И в общении не профессуры и студентов, а именно мэтров и учеников господствовал этот веселый и дружный дух взаимных открытий. Удачная работа – это не честолюбивый триумф одного, это общая радость и общее дело. Шкловский вспоминает о временах ОПОЯЗа, где не было «борьбы на тему: «это ты сказал, это – я». Работали вместе, передавая друг другу находки».

Говоря о формализме как направлении, нужно все время помнить, что это явление не консервативное, а движущееся, изменяющееся, расширяющее свои границы.

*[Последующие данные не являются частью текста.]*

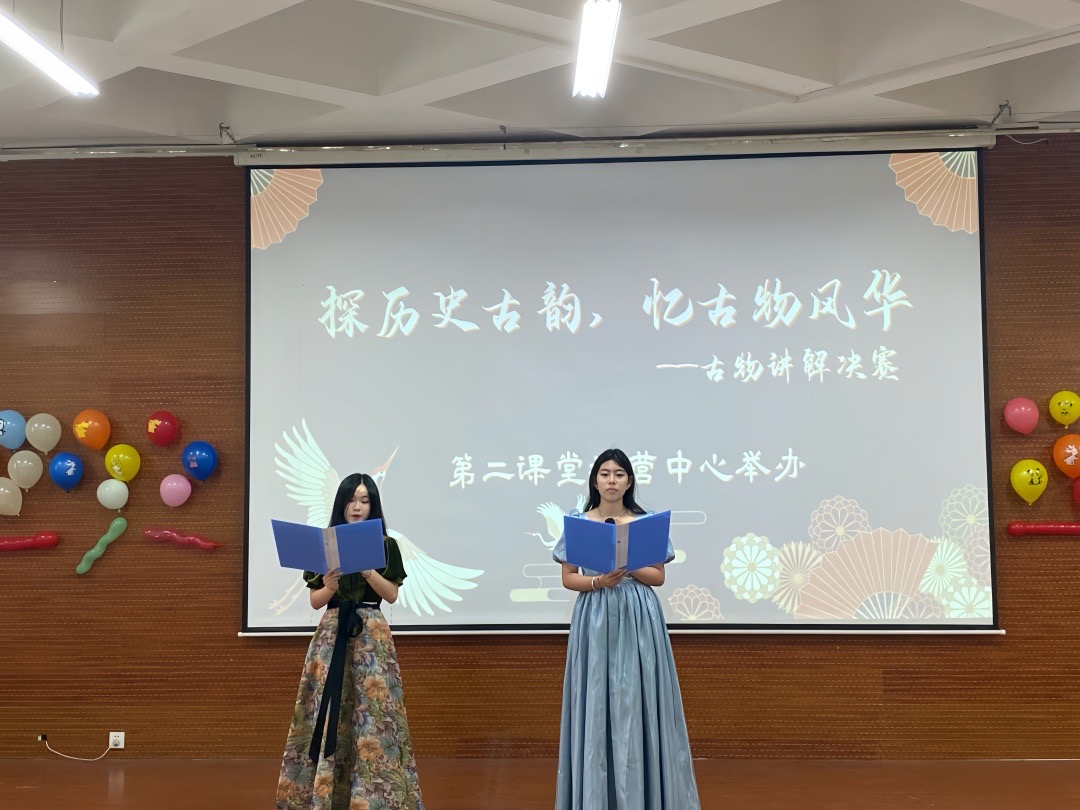 于6#AA106报告厅举办“探历史古韵,忆古物风华”古物讲解决赛。 深入历史的纹理,借由文化之光的照射驱散历史的尘埃,让文物在岁月的长河中熠熠生辉,焕发出不朽的魅力与活力。比赛在充满活力的开场舞中拉开序幕。在主持人的引导下,选手们依次上台答题。随后,选手们结合PPT详细讲解古物背后的故事。本次讲解涉及马踏飞燕、战国铜餐具等古文物。选手们满怀激情地向观众讲述着展品背后所蕴含的小故事,让每一件文物仿佛拥有了生命,诉说着它们所经历的风雨岁月。其中,徐煜欣以生动形象的语言对马踏飞燕进行讲解。这件闻名遐迩的艺术珍品,以其独特的造型和卓越的工艺,展现了我国古代艺术的高超水平。它独特的外形深深吸引着观众的注意。王欣瑶结合史料和所学知识,介绍战国铜餐具。战国铜餐具制作工艺精湛,器型精美且实用性强,展现了工匠们的高超技艺,这些餐具有着巧夺天工设计,以及精准的制作工艺,都令人赞叹不止。他们全方位展示了文物的外形、起源、用途等,挖掘古文物背后所蕴含的历史记忆和文化精髓。观众仿若置身历史长河之中,沉浸体验古文物之美。紧接着,刘奕菲同学给观众带来舞蹈表演《像鱼》,舞姿翩翩,每一个动作都充满了艺术的气息。比赛氛围轻松愉悦。经过激烈的角逐,徐煜欣获得一等奖,王欣瑶获得二等奖,赵欣雨、薛淇获得三等奖。 本次活动的顺利举办,有利于传承中华优秀传统文化,激发同学们的文化自信心和民族自豪感,营造崇尚历史、珍视文化遗产的校园文化氛围,为文物事业的传承发展注入新的活力。 (供稿:阿依布拉克·艾尼 摄影:阿依布拉克·艾尼 初审:张程程 复审:吴志钰 终审:尤姗姗)

Всякий «изм» не исчерпывается своей программой, если в его рядах работают по-настоящему талантливые люди. Блок, возникший в поэзии как один из самых крупных представителей символизма, перерос свой «изм» и стал поэтом общезначимым. Сейчас Ю. Лотман – один из главных представителей структурализма в литературной науке – не укладывается в рамки этой школы и в каждой новой своей работе находит иной живой аспект – его теория литературного поведения хотя бы.

Если в ранние годы формалисты откровенно занимались принципом конструкции произведения и Шкловский каламбурно, с задором утверждал: «Мы не развенчиваем, а развинчиваем искусство», если он же демонстративно назвал свою статью «Как сделан «Дон-Кихот»», а Эйхенбаум в те же годы свой анализ Гоголя озаглавил «Как сделана «Шинель»», – это было только прокладыванием новых путей исследования, а не окончательно застывшим принципом изучения.

Только эпигоны и ученики, особенно на первых стадиях приобщения к методу, злоупотребляли его описательными приемами и особенно терминологией. Начинающие студенты Института истории искусств наивно перенимали термины своих мэтров. Они болели, можно сказать, какой-то эйфорией новых терминов. «Конструктивный принцип», «обнажение приема», «сказ», «остранение» – кстати и некстати пестрели в их работах в каждой строке. Они токовали терминами, оглушенные и околдованные ими, как эпигоны структурализма в наше время неотвязно повторяют – «модель», «архетип», «уровень», «амбивалентность». Настоящие же ученые от этого плана ими же придуманной терминологии отходили и завоевывали новые области проникновения в литературный процесс.

Тынянов никогда не описывал изолированные приемы, он открыл соотносительность и связь всех элементов произведения, создал теорию функции и доминанты, исторически углубил приятие «двупланности» и сложности смыслов в поэтическом слове.

Б. Эйхенбаум даже в ранней своей работе о Некрасове говорил о самоопределении писателя как «осознании себя в потоке истории». В своей капитальной работе о Толстом он проникал в сложные разветвления пластов истории, обогащал и расширял свое исследование изучением и социальной обстановки, и литературной среды <…> и мировых событий эпохи и страны. А главное – поставил и разработал проблему исторической миссии писателя.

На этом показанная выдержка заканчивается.